On Saturday, 22 April, Earth Day, 317-year-old Vergelegen will celebrate over a decade of hosting field researchers undertaking ground-breaking work on the estate.
Local and international scientists visiting the estate have already investigated subjects as diverse as Argentinian ants, Nguni cattle, frogs, grasshoppers, bontebok, alien plant management and water quality. Following recent fires, researchers have also found Vergelegen to be an ideal site to investigate the post-fire recruitment of natural and alien plants, how Proteaceae compete after fire, and when and how insects return to these burnt areas.
Numerous scientific papers have been published in local and international journals and research findings are implemented into Vergelegen’s environmental management plan where applicable.

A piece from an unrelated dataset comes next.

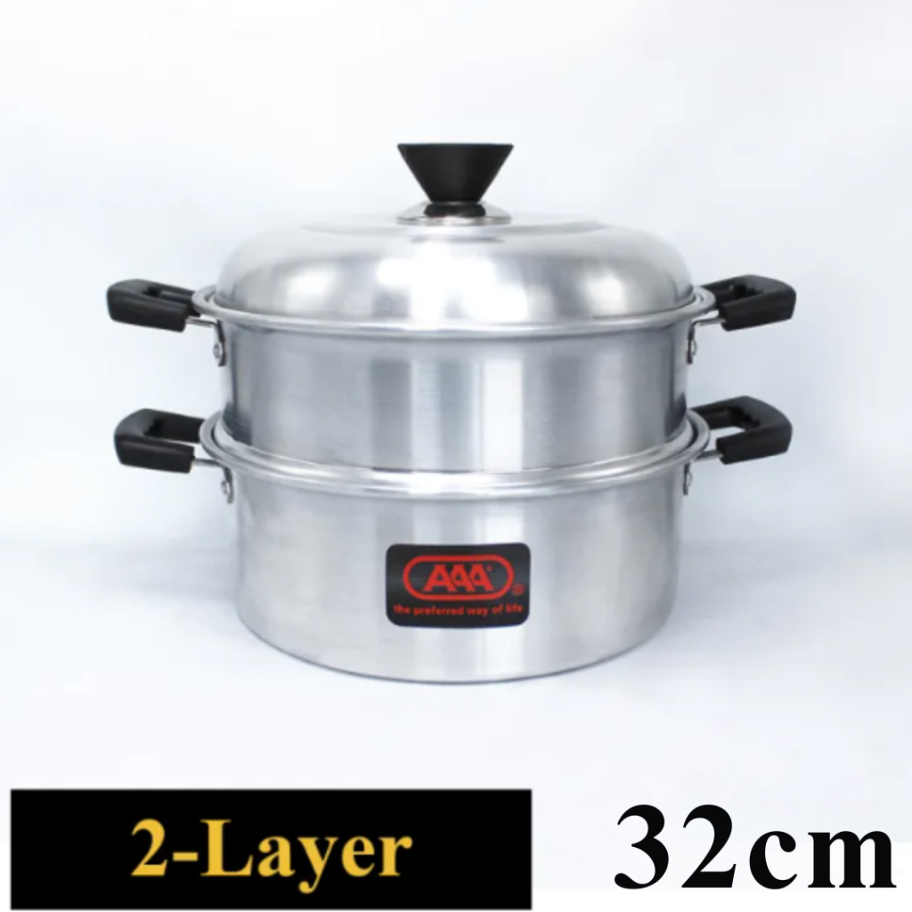 ALUMINUM STEAMER – 2/3-Layer Cooking Pot with Lid (26cm/36cm) for Steaming & Kitchen Use holio shop

Centre of Learning Excellence
Vergelegen MD Don Tooth explains that Anglo American acquired the estate in 1987 as a showcase of the best of South African heritage, culture and environment, to be shared with the nation. As part of this initiative, a Centre of Learning Excellence was established.
Representatives of six Western Cape tertiary institutions, plus overseas universities such as Bristol and Marburg, have undertaken field research on the farm. Four doctorates and seven master’s degrees had been completed by 2016.
Interest from the scientific community has been supported by the burgeoning animal and plant populations at Vergelegen. These have grown rapidly in number and species diversity, thanks to an extensive programme of clearing invasive alien vegetation and facilitating land rehabilitation.
To help monitor the post-clearing ecosystem recovery, Vergelegen conducts monthly bird counts, identifies wild flowers and (using infra-red camera systems) monitors wildlife movement. Species such as the Cape leopard, caracal, grey rhebok and spotted genet are regularly viewed on the footage, reports Jacques van Rensburg, Vergelegen’s environmental project manager.
Alien vegetation control programme
The farm’s alien vegetation control programme is believed to be the largest private conservation undertaking in the country. Since the programme was launched in 2004, 2000ha of a planned total of 2200ha have been cleared, says Tooth.
“This project has not only created at least 230 jobs and many opportunities for worker training, it has supported a habitat for numerous species of mammals, birds, amphibians and insects to thrive.”
“The size and variety of Vergelegen’s plant, fauna and bird populations are proof that land degradation and threatened extinction can be reversed,” says Tooth.